With her goon out of the way, tonight would be the night. He drove back to her house in a station wagon he had stolen from an underground parking garage. He knew exactly how to get into her house without triggering the burglar alarm system. He owed it to that fat lump of fur. From watching the cat, BJ knew that there were no motion sensors in the kitchen, and no electrical contacts at the trap door. He knew it because the last time he was here, he had tried to kill the furball, but it had gotten away from him, scooting into the house through the animal trap door.
Deliberately stomping through her flowerbed, he made his way around to the back of the house. Sure enough, the cat was sitting on top of the kitchen counter, next to the stove. At the sight of him, it stood up, arched its back and hissed. BJ smiled to himself, there would be plenty of time to kill it when he got inside the house.
Unwrapping the handsaw, he began to enlarge the cat entrance, which was nothing more than a swinging trap door built for a large cat or small dog. Forty-three minutes later, he had cut through vinyl siding, wood, insulation, and drywall. He squeezed his hundred-and-eighty-pound frame through the enlarged mess of a hole. Methodically, he checked out the house. He needed to find a g
ood hiding place and surprise her. Nothing too cramped. He might have to wait a long time for her to come home. His gaze swept the living room and dining room, then he headed upstairs towards her bedroom.
Boy, was she going to be surprised. The thought brought a cruel smile to his lips.

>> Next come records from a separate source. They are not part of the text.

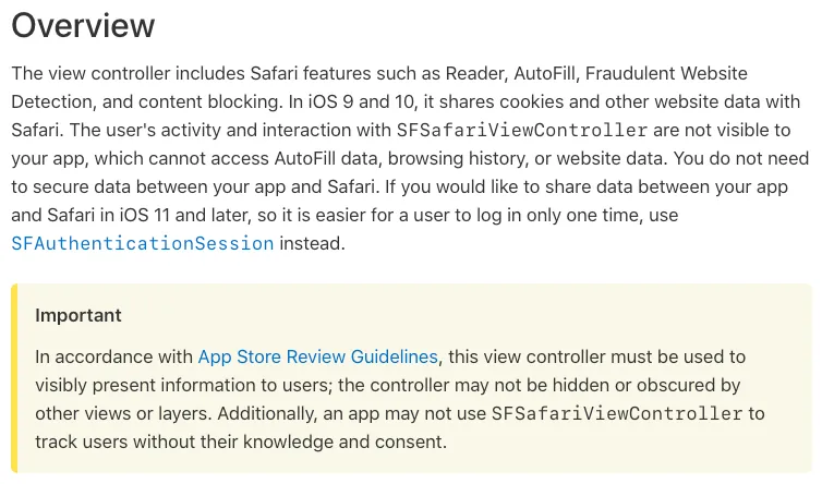 Also, app review does not allow placing SFSafariViewController where users cannot see it. (Triggering it programmatically and then adding it as a subview is not easily detected)
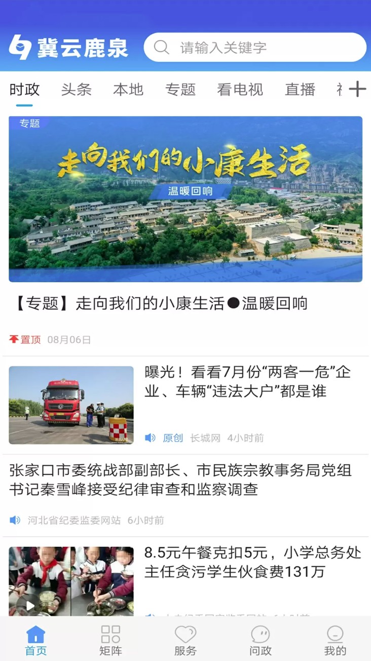 1. 进入“首页”标签,可浏览时政、头条、本地等栏目内容,实时掌握鹿泉区最新新闻动态。
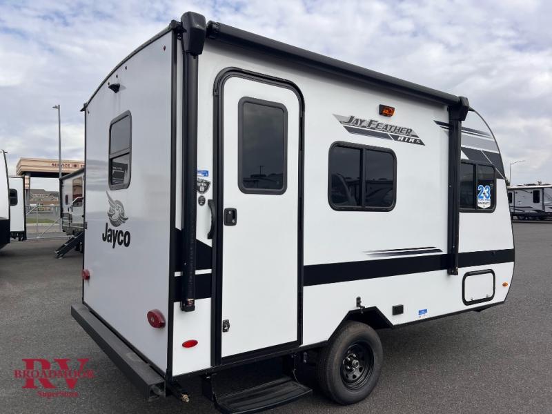 The Jay Feather Air SL travel trailer by Jayco is affordable, convenient, and lightweight for an easier tow! A Magnum Truss roof system and fully integrated A-frame provide a strong foundation to the trailer, plus there are galvanized-steel, impact resistant wheel wells for added protection. Some of the exterior conveniences you'll find include a front tongue jack and stabilizer jacks, roof mount solar prep, an exterior porch light, and G20 dark tinted privacy windows. Head inside to enjoy solid hardwood cabinet doors, residential-style kitchen countertops, a marine-grade toilet with foot flush, and vinyl flooring throughout that will be easy to keep clean. This super lite travel trailer is the perfect choice for rookie RVers and seasoned campers alike!
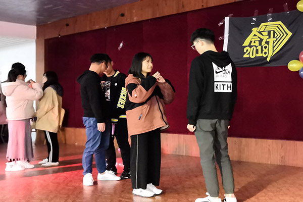 接下来的首轮游戏为千里传音,由2017级和2018级团支部各派出代表参与游戏,通过小组六人相互做出肢体动作猜测成语,缓和两支部初识的尴尬,促进支部成员之间的认识和了解。一轮轮的肢体比划让大家欢笑不已,也让大家体悟到中华成语的博大精深。第二轮的游戏以知识问答为主,问答范围涉及会计专业知识,娱乐文化常识等,经过前一个游戏的暖场,此轮游戏中两支部之间默契度有了明显提高。小组之间的比拼也不相上下,呈现你追我赶的趋势。活动最后由2018级支部成员单独上台献唱,其余支部成员相互交换祝福明信片,自此联谊活动进入尾声。
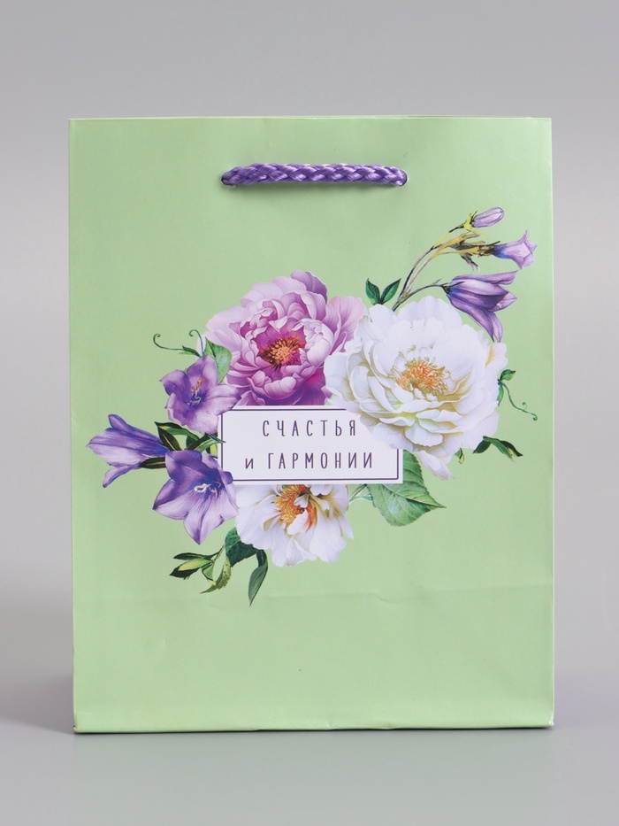 Пакет подарочный ламинированый "Счастья и гармонии" 11,5 х 14,5 х 6,5 см

“Such dedication. Eleven at night. In the sub-basement of a downtown office building reading dusty files and staring at a computer screen. It would be admirable, if you had security clearance to be here at all.” Grace shot up in her seat at the sound of Cadeux’s voice behind her. “Curiosity killed the cat, Grace. What exactly are you doing?”
She struggled to speak. “I’m looking at old files.”
“I know that much. Why?”
The hard copies lay on the desk. She shifted her position to stand in front of them, blocking Cadeux’s line of vision. The ruse didn’t work. He walked towards her, pushed her aside, and picked up the documents.
His expression hardened as he flipped through the printouts. “What were you planning on doing with these? Brown bag them to the press?” His voice shook with anger. “Not a very smart idea, Grace. You disappoint me.”
“You’re the bigger disappointment,” she said defiantly. “How could you rubber-stamp thousands of phony asylum seekers into our country? How could you destroy the integrity of our immigration and refugee system? How could you?”
“Oh, don’t pretend to be so pure. In my shoes you would’ve done the same. If I hadn’t let them in somebody else would have. Why shouldn’t I be the one to get the rewards? Besides, I had no choice. I needed the money. Do you know how much I pay my ex-wife in alimony? I was royally fucked. Wa Sing was my lifeline. What was there to think about when someone offers to pick up the tab?” He met her gaze head on.